Unnamed: 0,Age,PsychAdmit,DLA1,DLA2,DLA_Diff
count,143.0,143.0,143.0,143.0,143.0
mean,43.671329,0.384615,3.908741,4.50021,0.591469
std,15.131711,0.638253,0.479951,0.498272,0.18323
min,18.0,0.0,2.81,3.09,0.24
25%,32.5,0.0,3.515,4.145,0.455
50%,43.0,0.0,3.93,4.54,0.61
75%,57.0,1.0,4.26,4.85,0.71
max,76.0,3.0,5.16,6.02,0.96


First look at the data, it seems that the intervention program has better outcomes. The difference in the mean of DLA1 and DLA2 for usual care is -0.003, while the difference in the mean of the intervention program is 0.591.

In [31]:
# PLot histogram of DLA_Diff for UsualCare
px.histogram(df_usual, x='DLA_Diff', 
            title='DLA Difference Histogram for Usual Care')


In [32]:
# PLot histogram of DLA_Diff for Intervention
px.histogram(df_intervention, x='DLA_Diff', 
              title='Histogram of DLA Difference for Intervention Program')


In [33]:
px.histogram(df, x="DLA_Diff", color="Program", barmode="overlay",
            title="Histogram of DLA Difference based on Intervention Program")

In [35]:
fig = px.parallel_categories(df, dimensions=['Program', 'Gender', 'RaceEthnicity',
                                             'MHDx', 'SUDx'],
                color='DLA_Diff', color_continuous_scale=px.colors.sequential.Inferno,
                title='DLA Difference Across Categories')
fig.show()


Looking at the plot above, it seems that the Intervention program serves all clients better across gender, race/ethnicity, medical diagnoses, and substance use.

## Statistical Analysis

Two Sample T-Test to see 

In [50]:
import scipy.stats as stats
import numpy as np

In [44]:
group1 = np.array(df_usual['DLA_Diff'])
group2 = np.array(df_intervention['DLA_Diff'])

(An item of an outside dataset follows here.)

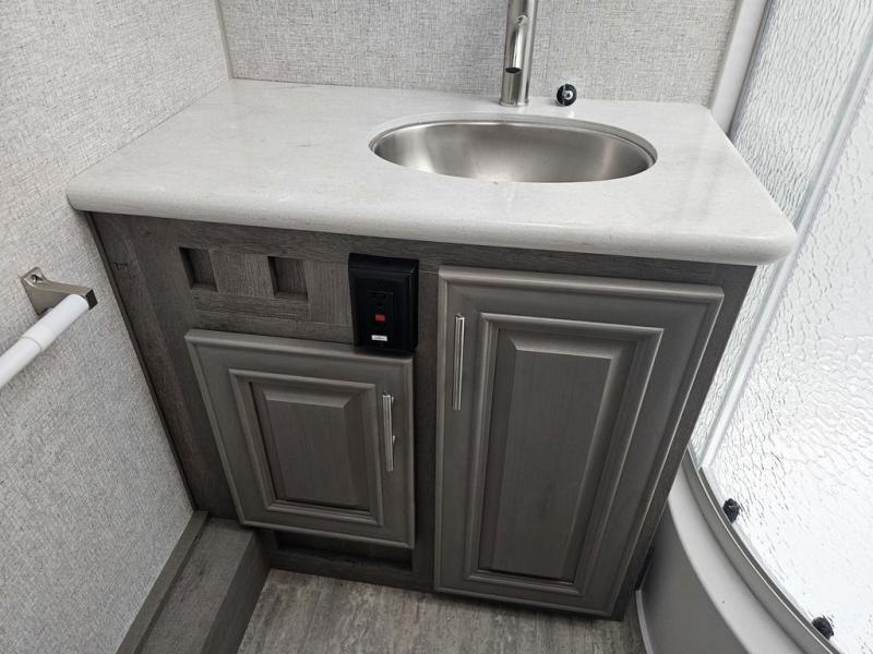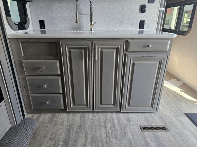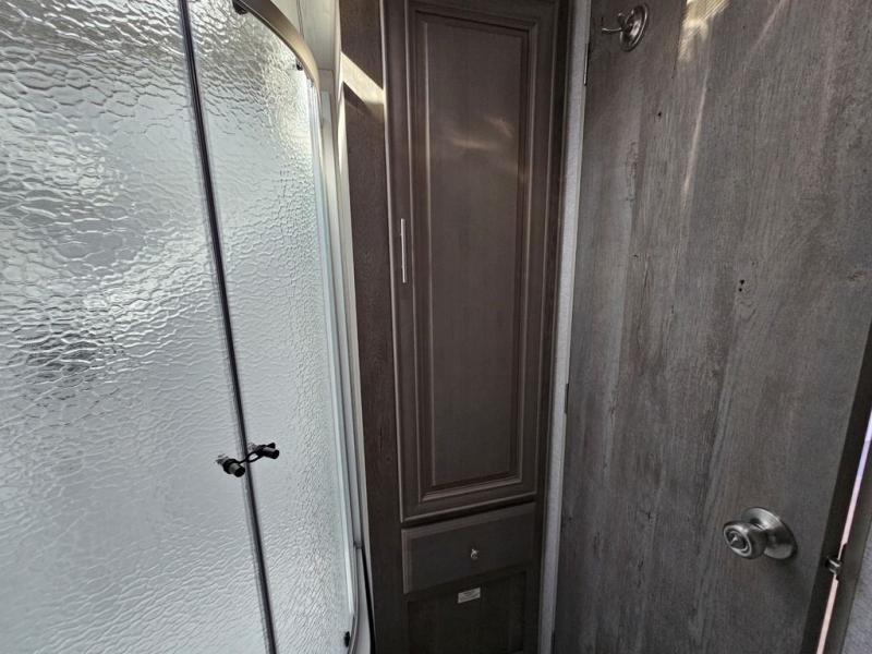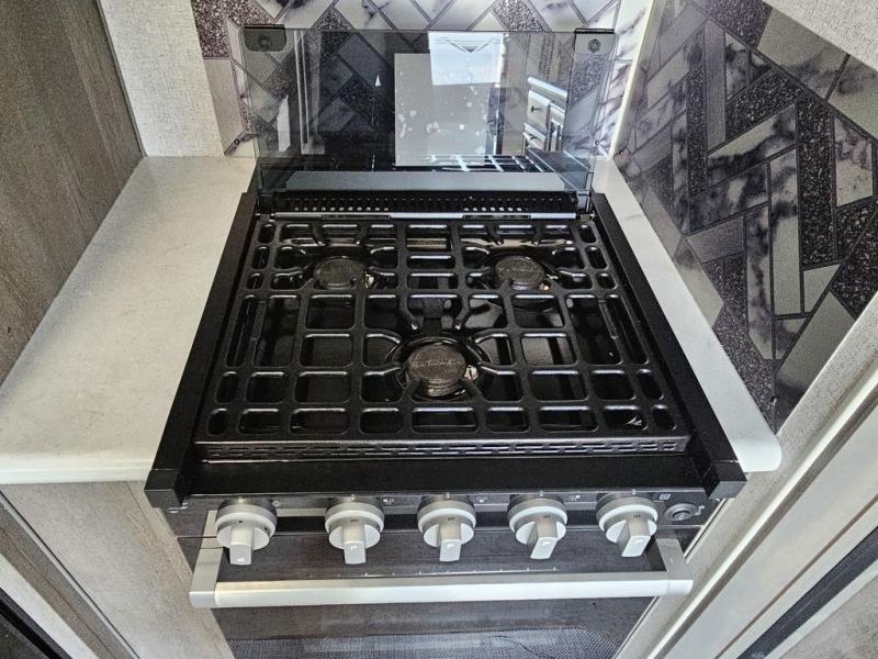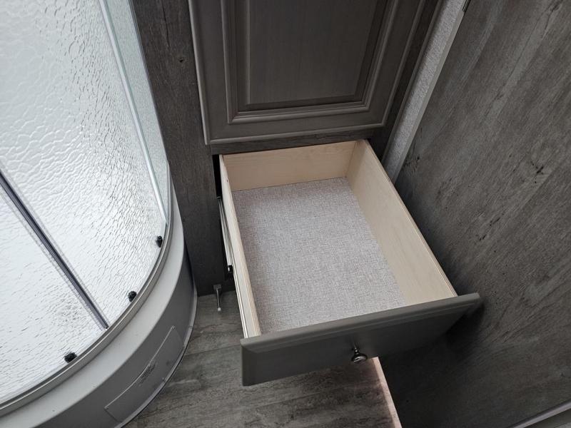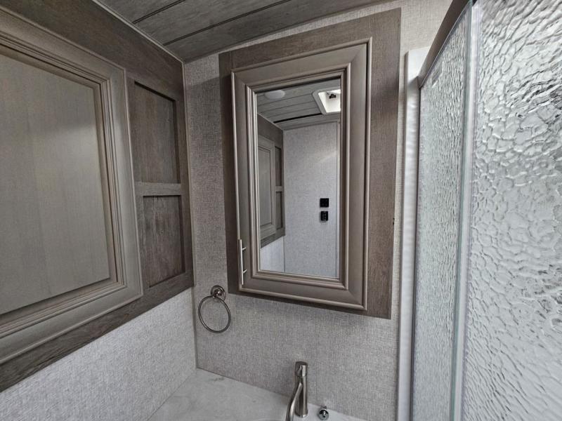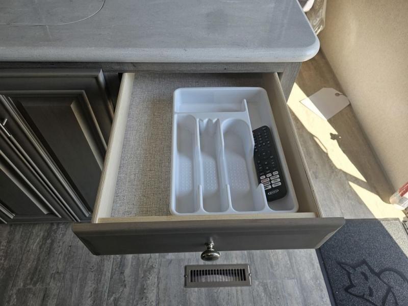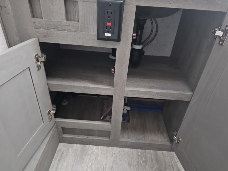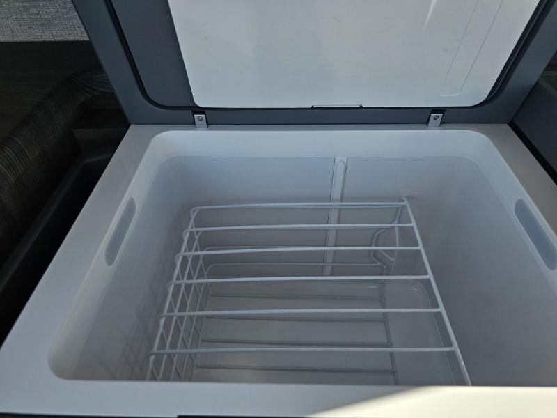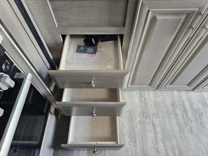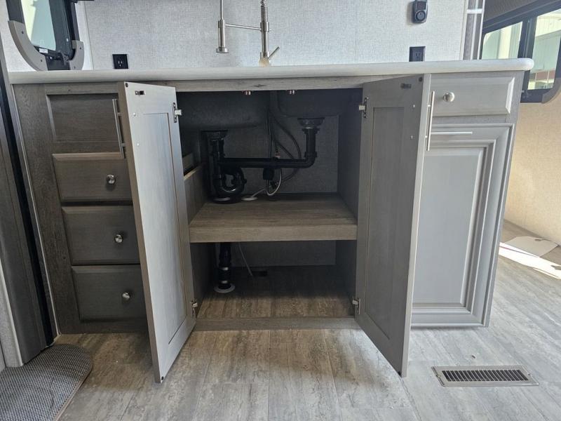 You will be enchanted by this travel trailer's amenities! The full rear bathroom provides a private and convenient space for freshening up. The kitchen has a fridge for keeping food and drinks fresh, a booth dinette for dining and socializing, and a three-burner cooktop for creating your favorite meals. Plus, overhead cabinets are placed throughout the trailer for ample storage of cookware and dishes. The living area boasts a spacious 62” sofa for relaxation, a mud bench for cleaning and storing outdoor gear, and a coat rack for hanging jackets and accessories. This unit's cozy front bedroom features two wardrobes on each side of the bed and a bigger one for storing clothing and essentials.

H0: µ1 = µ2 (the two program means are equal)

HA: µ1 ≠µ2 (the two program means are not equal)

In [49]:
# Find variance of both groups
var1 = (np.var(group1))
var2 = (np.var(group2))
print(f'var1 = {var1.round(4)} \n var2 = {var2.round(4)}')

var1 = 0.0024 
 var2 = 0.0333


In [52]:
stats.ttest_ind(a=group1, b=group2)


Ttest_indResult(statistic=-55.143722159871736, pvalue=4.3055817180988177e-209)

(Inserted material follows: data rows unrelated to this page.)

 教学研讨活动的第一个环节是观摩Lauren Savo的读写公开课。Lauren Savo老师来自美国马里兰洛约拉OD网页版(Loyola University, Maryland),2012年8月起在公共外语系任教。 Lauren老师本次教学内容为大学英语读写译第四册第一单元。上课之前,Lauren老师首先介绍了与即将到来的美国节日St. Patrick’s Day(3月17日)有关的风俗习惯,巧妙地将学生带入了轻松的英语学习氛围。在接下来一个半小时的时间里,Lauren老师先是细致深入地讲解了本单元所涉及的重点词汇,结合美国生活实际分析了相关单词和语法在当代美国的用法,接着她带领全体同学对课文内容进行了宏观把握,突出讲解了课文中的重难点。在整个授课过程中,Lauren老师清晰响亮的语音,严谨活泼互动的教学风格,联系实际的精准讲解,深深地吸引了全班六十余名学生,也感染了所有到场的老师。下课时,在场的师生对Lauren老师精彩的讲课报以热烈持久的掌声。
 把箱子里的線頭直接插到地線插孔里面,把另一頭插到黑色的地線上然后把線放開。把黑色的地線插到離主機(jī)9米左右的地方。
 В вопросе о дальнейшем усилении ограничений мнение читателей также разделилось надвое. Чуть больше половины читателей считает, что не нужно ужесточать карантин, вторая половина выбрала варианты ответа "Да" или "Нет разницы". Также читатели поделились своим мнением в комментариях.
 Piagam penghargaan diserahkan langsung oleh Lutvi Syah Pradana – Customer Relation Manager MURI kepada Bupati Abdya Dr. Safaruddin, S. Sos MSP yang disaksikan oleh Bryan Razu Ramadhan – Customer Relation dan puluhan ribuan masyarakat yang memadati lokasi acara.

Since the P-value is under p=0.05, we can reject the null hypothesis and say with relative confidence that the means are not equal and the intervention program has statistical significance in improving a client's DLA-20 assessment score over the course of a year.

## Conclusion


- Is the new intervention better than “usual care”?

Overall, clients who receive the new intervention have greater improvement on the DLA-20 assessment after a year.

- Which clients are best served by the intervention?

Clients over all demographics that were in the intervention program showed greater improvements on their DLA-20 assessments after a year than clients in the "usual care" program.

- Should we expand the care model from the new intervention to our “usual care” team?

Based on the data given, I would recommend expanding the new intervention model to the "usual care" teams.